During the postoperative period, patients on epidural clonidine (Group I) did not require any rescue medication for pain, while patients on epidural bupivacaine (Group II) required 2-4 doses of 1.5 mg morphine sulfate each during the first 12 postoperative hours (median, 3 doses; P<0.001).
Postoperative Analgesia
Clonidine produced significantly longer analgesia than bupivacaine as measured by the first requirement for analgesic medication after discontinuation of the epidural infusion. Mean duration was 297 ± 28.3 minutes in Group I vs 74.3 ± 10.4 minutes in Group II.
Intraoperative Hemodynamics
SBP during the intraoperative period significantly decreased in both groups compared to the baseline reading (Table 3). The lowest mean intraoperative SBP and DBP readings, expressed as percentage change from the baseline readings, did not show significant variation between the 2 groups. Respective SBP and DBP changes were −21.2% ± 3.9% and −13.3% ± 2.8% in Group I vs −17.1% ± 3.6% and −8.8% ± 3.1% in Group II.
Heart rates of patients in Group I significantly decreased by −10% ± 3.3% during the intraoperative period, while the patients in Group II showed a significant increase in heart rate by +27% ± 15.1% (Table 3).
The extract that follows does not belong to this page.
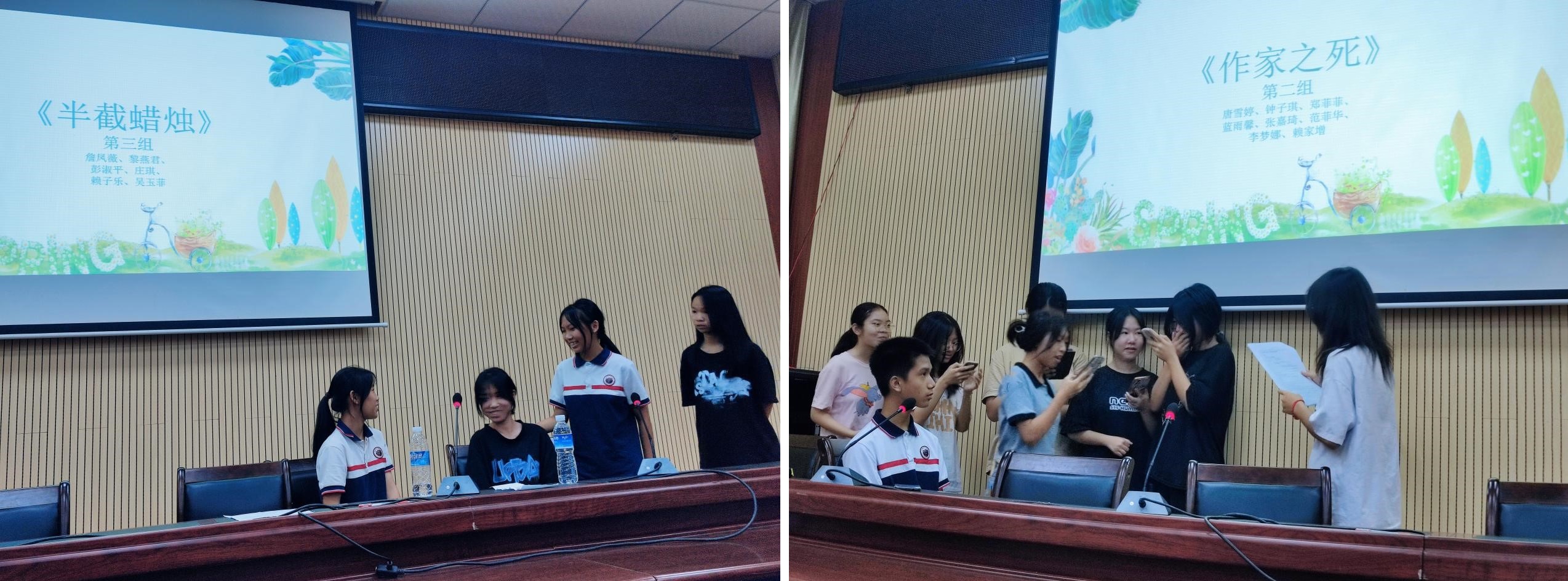 演绎经典对白,探知人物灵魂,重温动人故事,话剧展示拉开帷幕!此次展示准备时间紧张,但是同学们齐心协力,终是非常精彩的呈现:《孔乙己》演员配合精细;《作家之死》演绎丝丝入扣;《半截蜡烛》兼具教育意义……同学们在话剧展示中演他人故事,亲身体会剧情人物的情感和人物性格,刻画生动的人物形象;更是品自己人生,提升文学素养,陶冶情操,在趣味中学习其中的文化内涵。

Postoperative Hemodynamics
Intergroup comparison showed significant differences between the 2 groups in postoperative SBP and heart rate (Table 3). SBP was significantly lower than the baseline reading in Group I with a percentage change of −15.5% ± 8.7%. Group II had no significant difference in SBP compared to the baseline (−2.7% ± 8.1%) for most of the postoperative period, except that SBP was significantly higher than the baseline during the first 2 hours after recovery. For DBP, values were −10.6% ± 2.6% in Group I and −6.7% ± 3.4% in Group II.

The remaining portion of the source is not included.